Task statement ▸ Repeat the records below exactly, from the first line through the line containing "(4)リモート参加できるパワ", and leave out any pictures.

--- Supplied material Enclosed Below ---

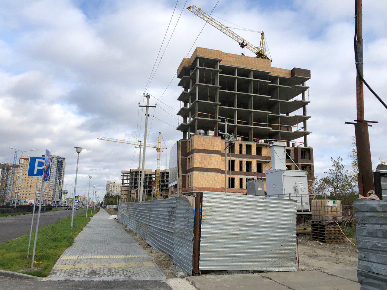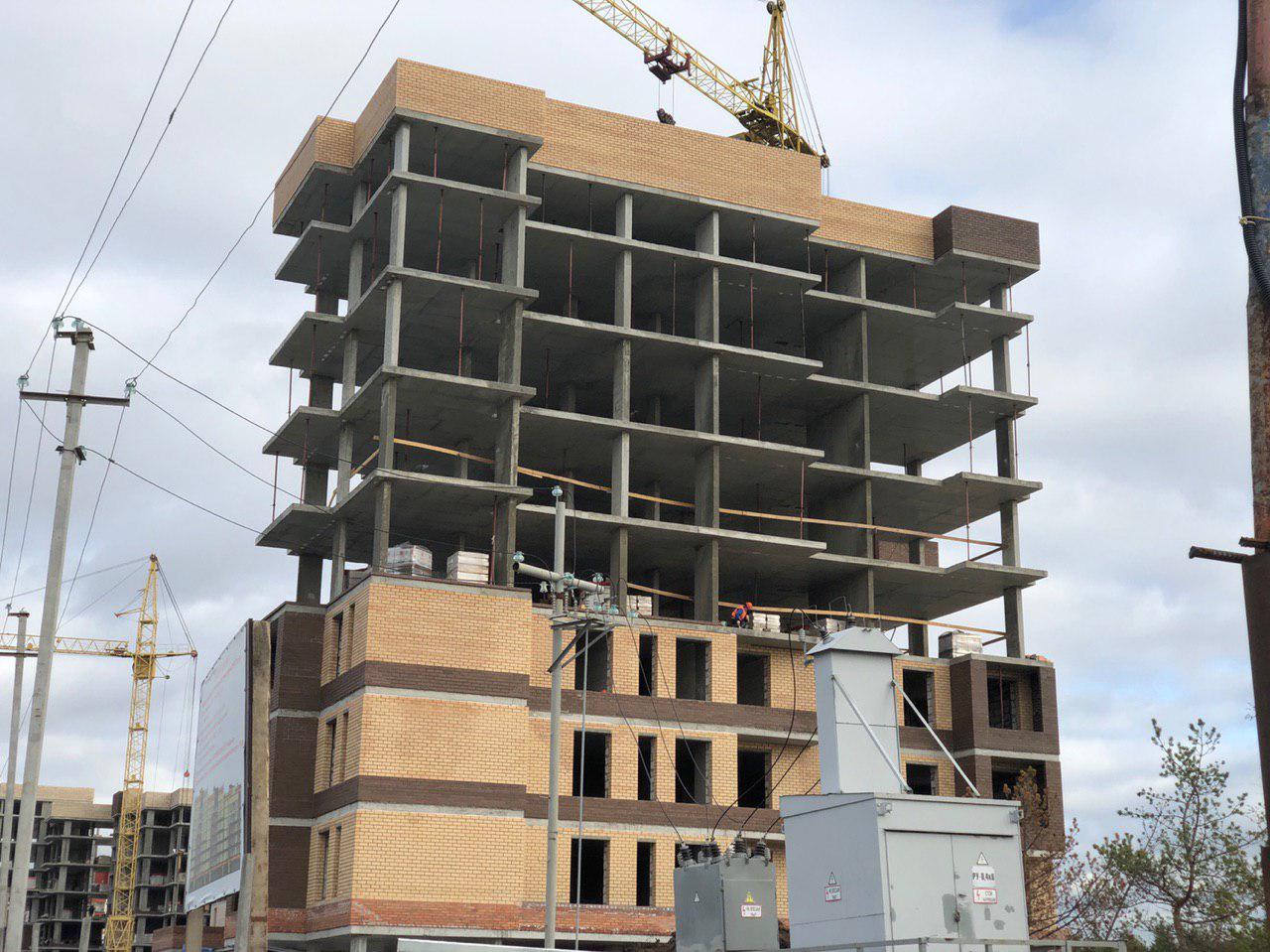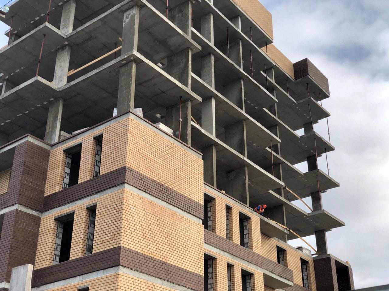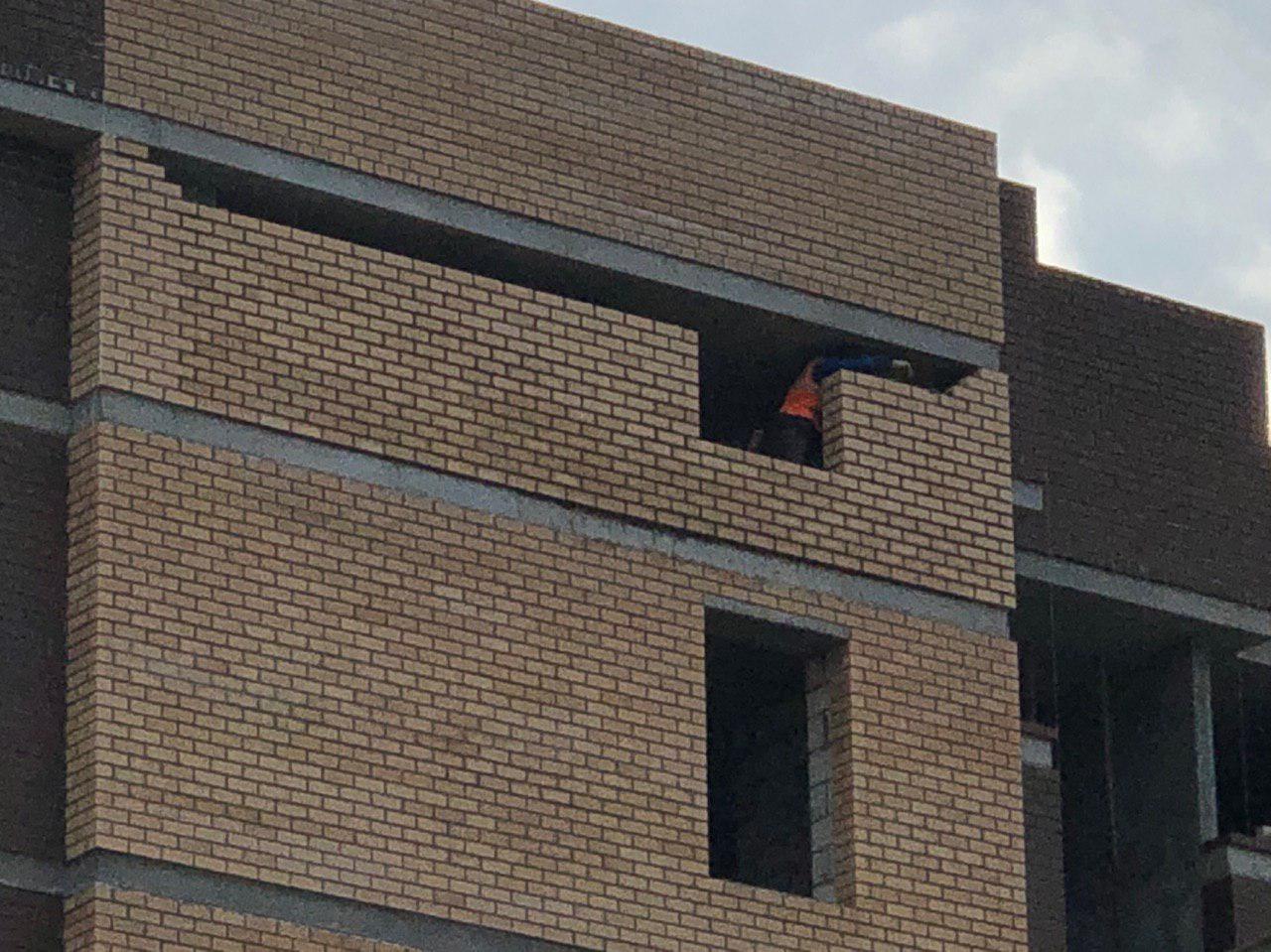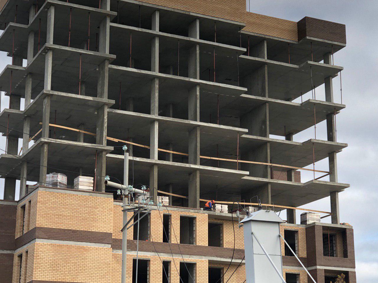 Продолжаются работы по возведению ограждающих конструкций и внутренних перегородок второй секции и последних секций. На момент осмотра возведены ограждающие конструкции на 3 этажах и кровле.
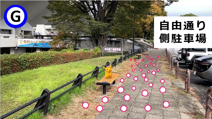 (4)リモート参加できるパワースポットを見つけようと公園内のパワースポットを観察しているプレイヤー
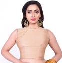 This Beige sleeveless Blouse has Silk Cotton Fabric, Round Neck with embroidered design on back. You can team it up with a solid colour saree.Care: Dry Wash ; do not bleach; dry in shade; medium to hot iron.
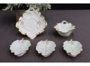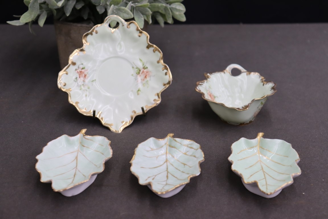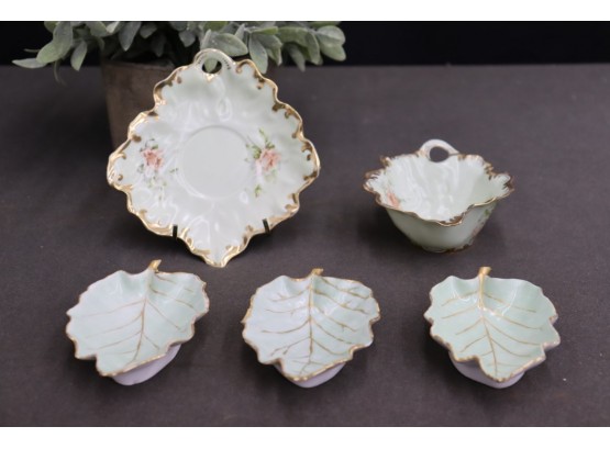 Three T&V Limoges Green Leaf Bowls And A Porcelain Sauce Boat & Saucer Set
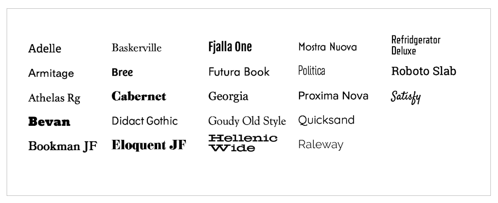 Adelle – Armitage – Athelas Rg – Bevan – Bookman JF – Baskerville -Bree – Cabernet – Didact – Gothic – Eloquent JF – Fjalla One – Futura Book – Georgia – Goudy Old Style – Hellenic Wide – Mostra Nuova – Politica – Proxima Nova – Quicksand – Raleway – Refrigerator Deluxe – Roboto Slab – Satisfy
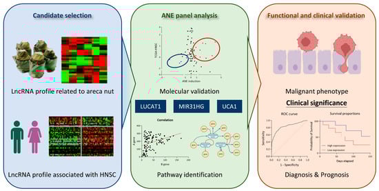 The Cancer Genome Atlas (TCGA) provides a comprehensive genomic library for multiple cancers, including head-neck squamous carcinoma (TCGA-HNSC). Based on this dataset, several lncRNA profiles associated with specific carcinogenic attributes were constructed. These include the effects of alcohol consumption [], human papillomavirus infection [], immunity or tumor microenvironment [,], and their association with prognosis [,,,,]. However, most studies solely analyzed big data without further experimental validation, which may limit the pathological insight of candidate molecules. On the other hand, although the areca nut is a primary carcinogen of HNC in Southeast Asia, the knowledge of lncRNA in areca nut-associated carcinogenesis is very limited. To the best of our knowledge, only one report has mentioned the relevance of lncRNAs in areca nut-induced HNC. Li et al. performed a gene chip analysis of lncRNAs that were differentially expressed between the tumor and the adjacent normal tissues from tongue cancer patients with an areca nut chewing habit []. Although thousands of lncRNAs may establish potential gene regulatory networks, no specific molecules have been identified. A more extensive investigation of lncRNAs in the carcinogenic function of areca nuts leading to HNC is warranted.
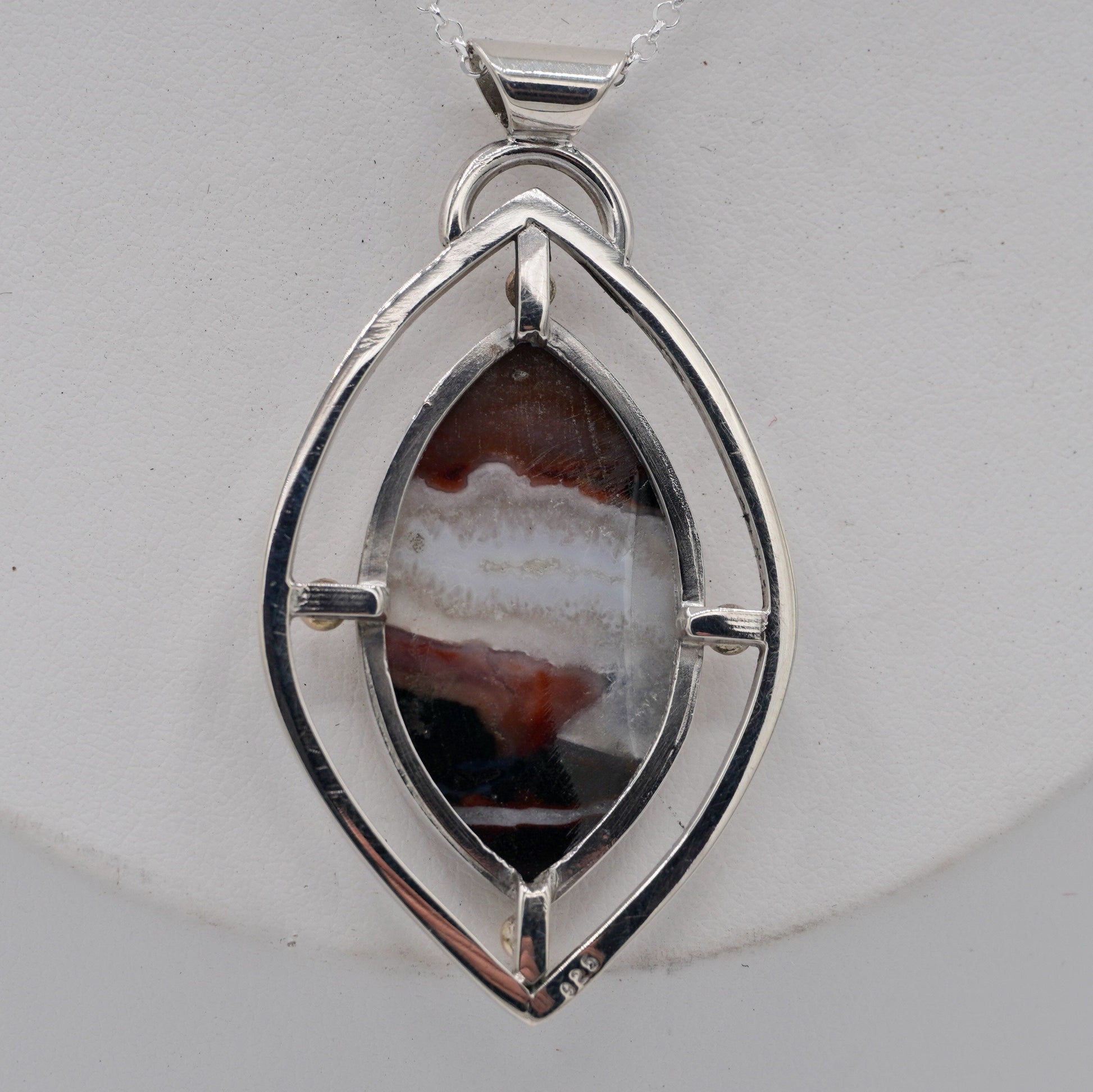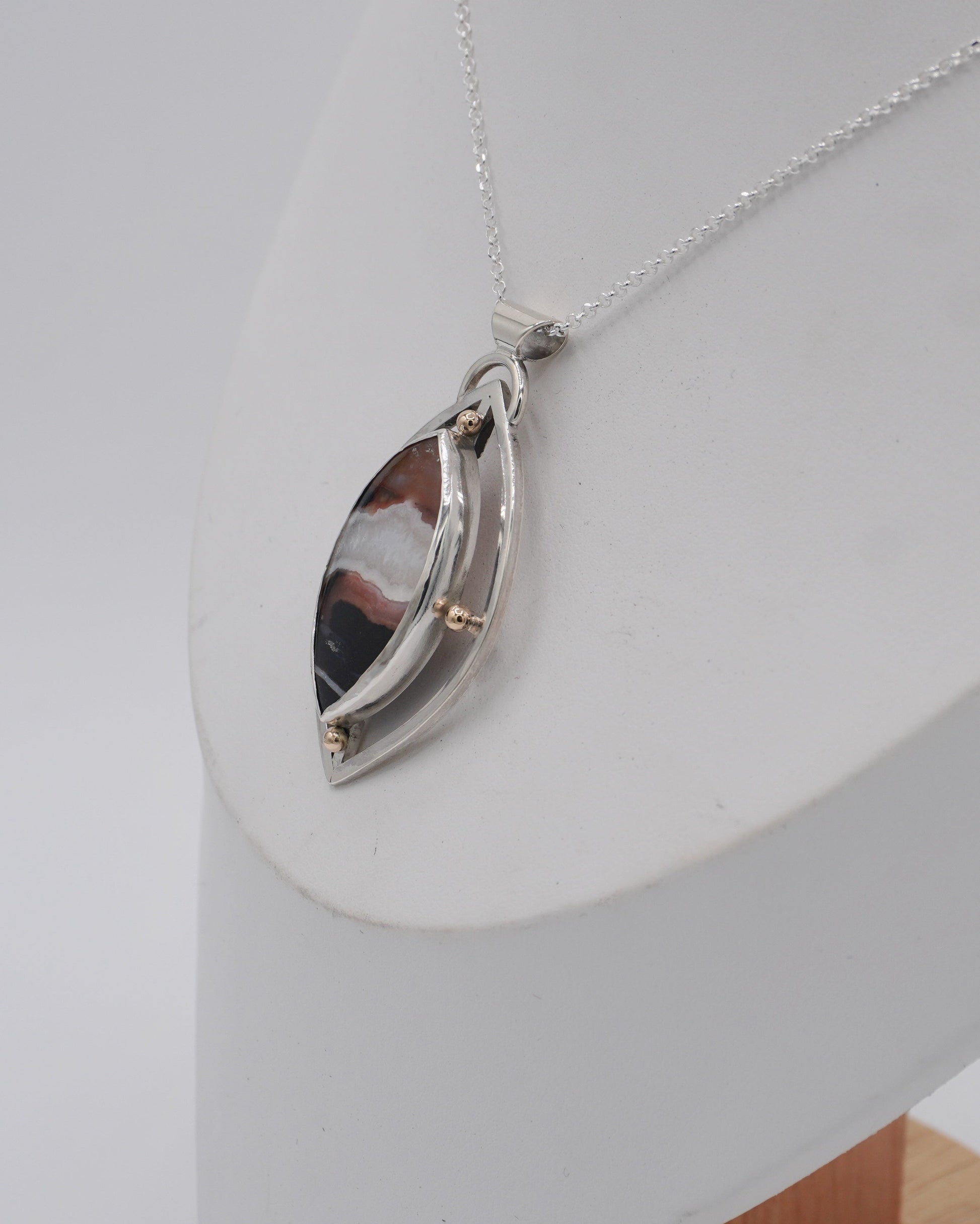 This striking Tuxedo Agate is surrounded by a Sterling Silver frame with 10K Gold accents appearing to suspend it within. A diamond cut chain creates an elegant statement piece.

--- End of Enclosed Supplied material ---

Task solution ▸
 Продолжаются работы по возведению ограждающих конструкций и внутренних перегородок второй секции и последних секций. На момент осмотра возведены ограждающие конструкции на 3 этажах и кровле.
 (4)リモート参加できるパワースポットを見つけようと公園内のパワースポットを観察しているプレイヤー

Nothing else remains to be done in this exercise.